# [WORK TASK]
Your answer must be only the lines below from the one containing "所以,虽然皇马此役没有标准的" through the one containing "As my previous", copied exactly, with the pictures left out.

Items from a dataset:
□ □ □ □ □

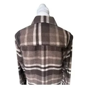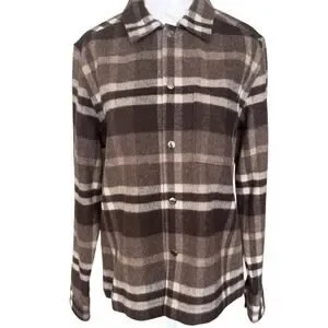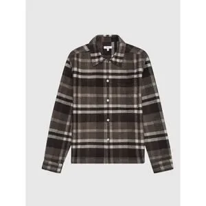 Reiss Cortez Wool Blend Plaid Overshirt Flannel Brown S
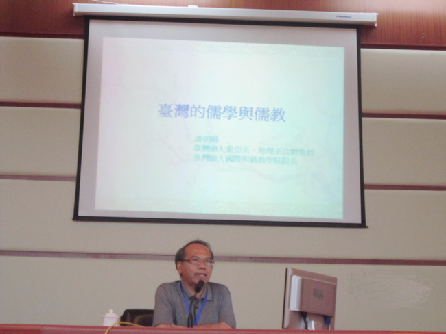 台湾师范大学潘朝阳教授讲座题目为“台湾的儒学与儒教”。潘教授就台湾儒学与大陆儒学之间的密切关系;台湾儒学的传承谱系及代表人物;台湾儒学传播的宗教化模式;现代台湾儒学代表人物与发展现状等相关问题展开阐述,资料翔实、条理清晰,让听众切身感受儒学传播与中华文化在台湾生根发芽之间的重要关系及当代台湾儒者传播中华文化的精神与使命感。
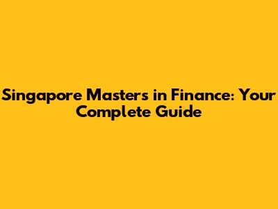 Singapore Masters In Finance: Your Complete Guide
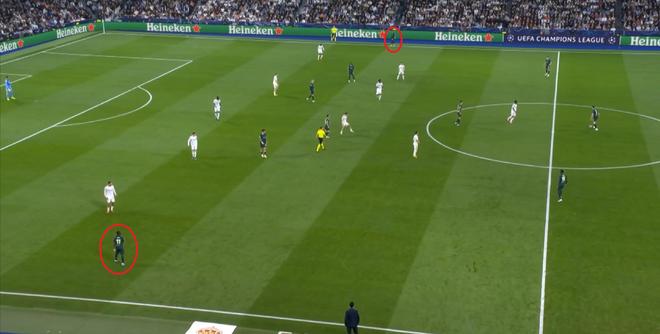 所以,虽然皇马此役没有标准的中锋球员,但他们利用到了曼城后腰身侧的空间,从这里完成了进攻加速,这在此前曼联战胜曼城的比赛中,已经被曼联证实有效了。
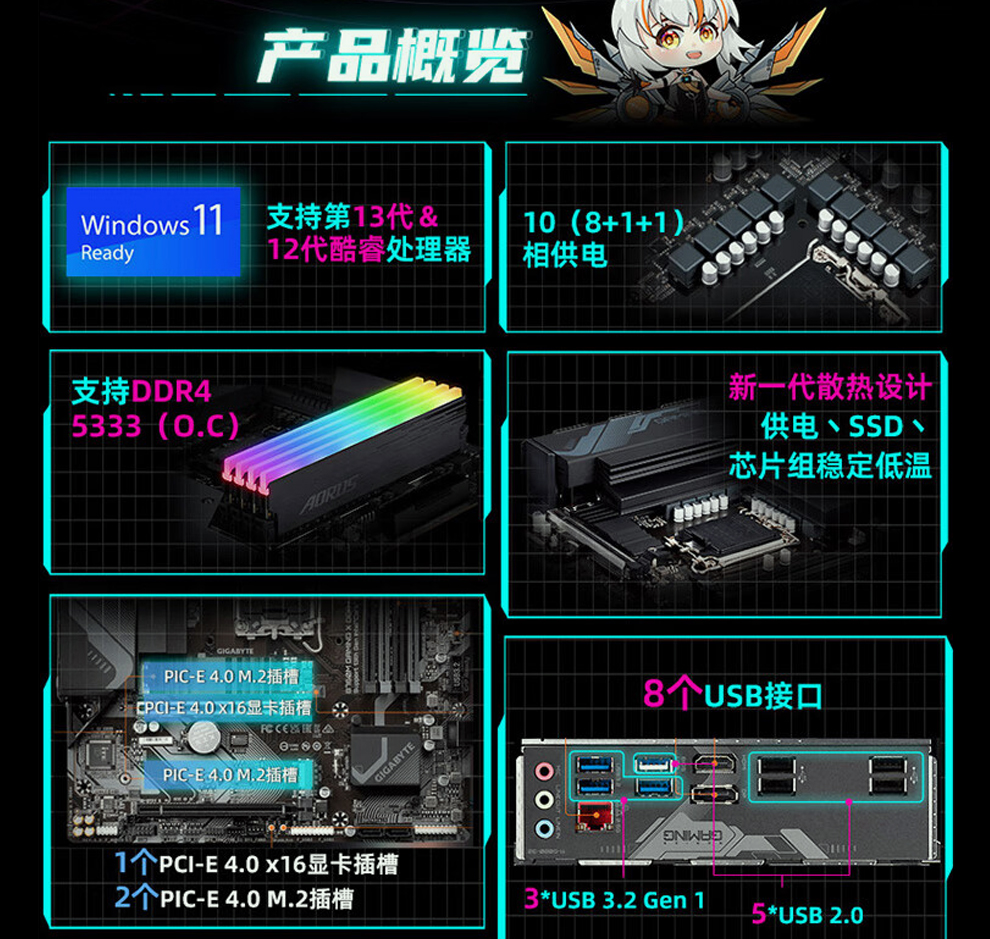 Gigabyte B760M GAMING X DDR4 컴퓨터 마더보드는 13세대 CPU i5 13400F 13600K에 적합합니다.
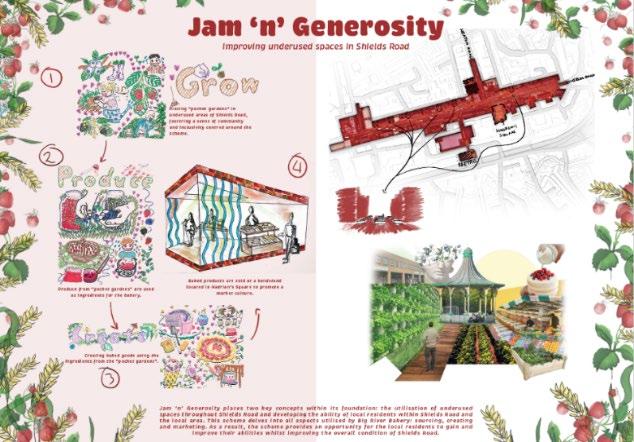 As my previous studio group stated, ‘jam’ will be the media for Byker community’s economic and cultural revitalization. Berries and wheats grow through the sky garden on third floor of co-housing building, then transport to ground floor bakery to process into jam and other peripheral food products like pancakes, tarts, biscuits etc., and then bring it to our newly-built pavilion in Hadrian Square on Shields Road to sell to the public, finally the money will be used to build the learning hubs on the first floor of building for local residents.
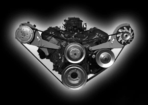 Engineered for low hood applications. Works great on any vehicle with a wide engine compartment - Trucks, 50-60's cars, etc. Bolts to the heads and water pump. WILL WORK with factory power steering pump. |
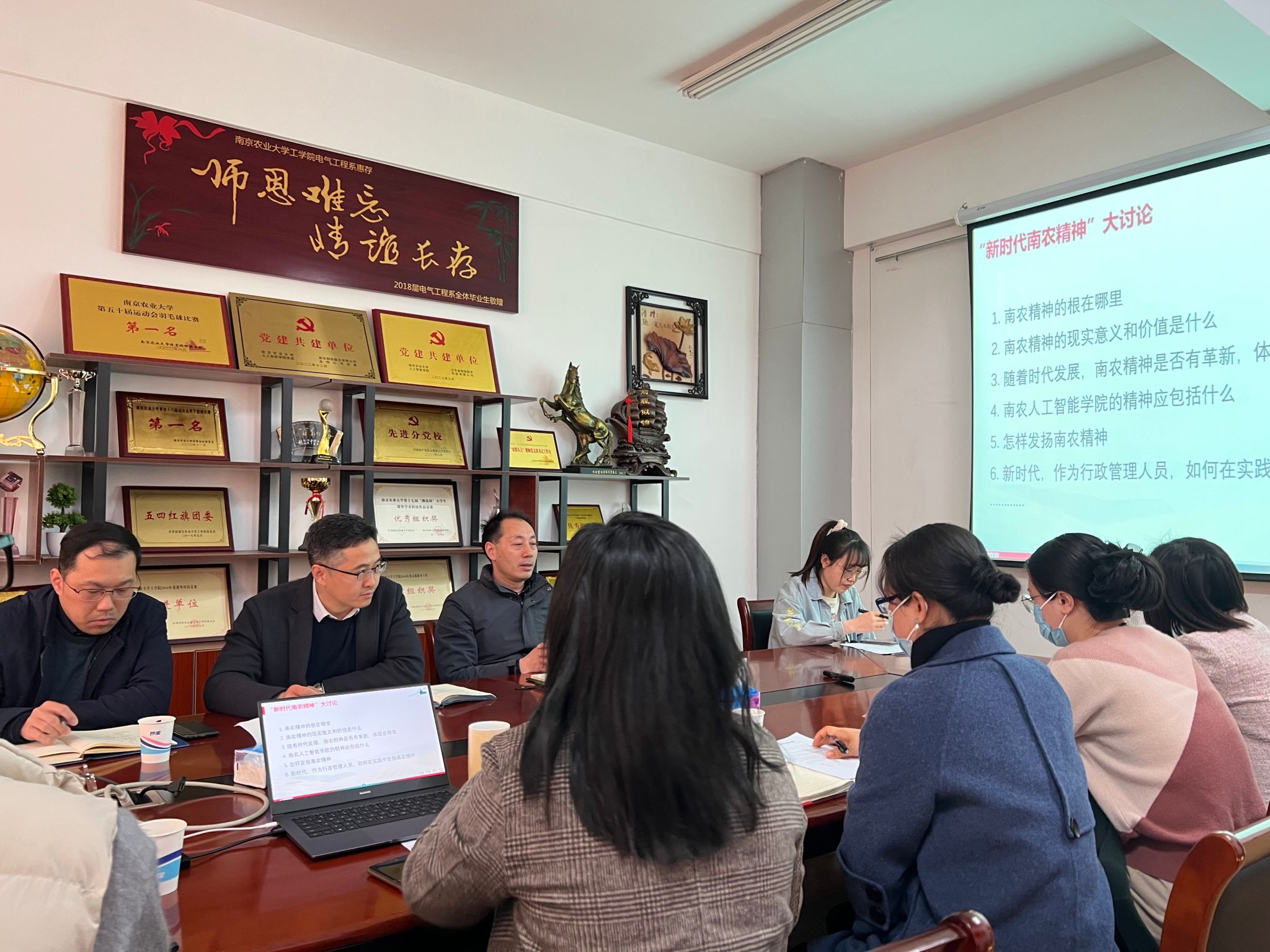 的精神应包括什么”、“新时代,作为行政管理人员,如何在实践中发扬南农精神”等主题进行深入讨论。学院行政人员纷纷表示,要以高质量服务师生为目标,主动熟悉了解学院师生,讲究工作方式方法,提高办事效率,履行好窗口、桥梁的作用,在“新时代南农精神”大讨论中寻根铸魂、传承担当。
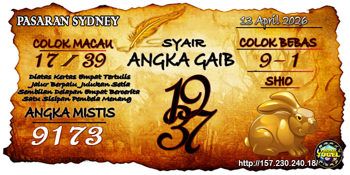 SYAIR ANGKA SYDNEY HARI INI Senin 13 April 2026
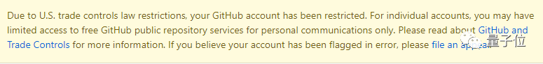 大意是根据美国法规,您的GitHub帐号被限制了。
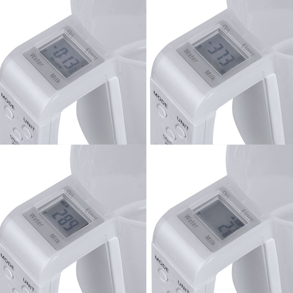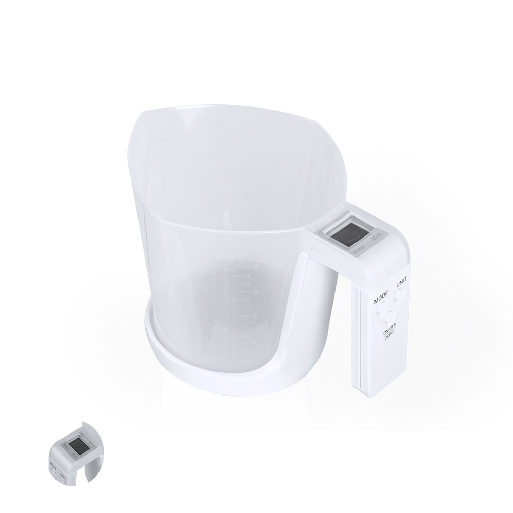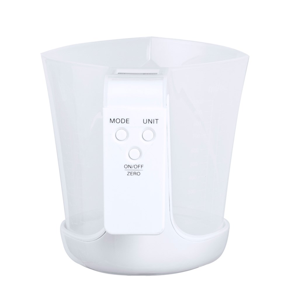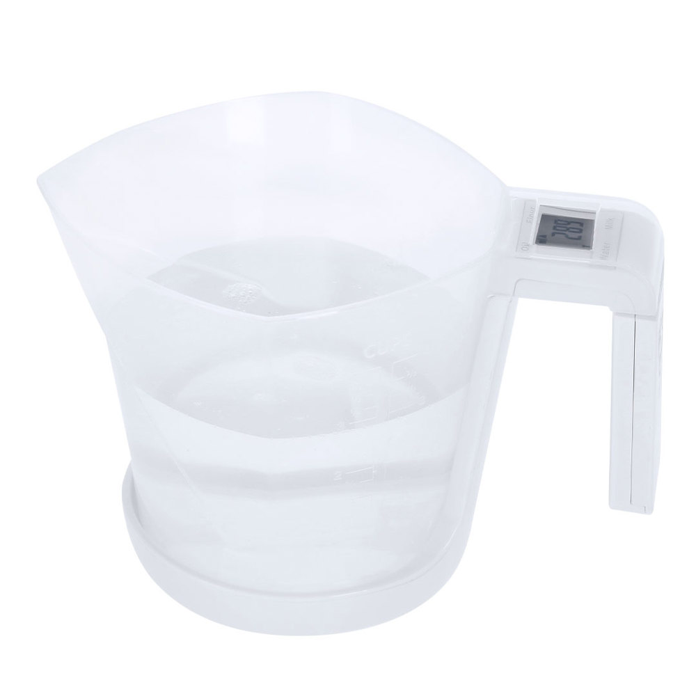 Báscula con jarra medidora integrada, fabricada en resistente combinación de PP y ABS. Pantalla LCD con control por botones y función de tara, con capacidad máxima para 5 kg de peso y válida para medir elementos líquidos o sólidos.Incluye Jarra medidora de 1L de capacidad, con multitud de opciones y vertedero en el borde para evitar derrames::-1L, con medidor lateral en tramos de 50 ml; -32 oz,, con medidor lateral en tramos de 2 oz -Medición rápida en volumen de tazas,Funciona con pila de botón (incluida) y viene presentada individualmente en caja.

□ □ □ □ □

# [EXPECTED ANSWER]
 所以,虽然皇马此役没有标准的中锋球员,但他们利用到了曼城后腰身侧的空间,从这里完成了进攻加速,这在此前曼联战胜曼城的比赛中,已经被曼联证实有效了。
 Gigabyte B760M GAMING X DDR4 컴퓨터 마더보드는 13세대 CPU i5 13400F 13600K에 적합합니다.
 As my previous studio group stated, ‘jam’ will be the media for Byker community’s economic and cultural revitalization. Berries and wheats grow through the sky garden on third floor of co-housing building, then transport to ground floor bakery to process into jam and other peripheral food products like pancakes, tarts, biscuits etc., and then bring it to our newly-built pavilion in Hadrian Square on Shields Road to sell to the public, finally the money will be used to build the learning hubs on the first floor of building for local residents.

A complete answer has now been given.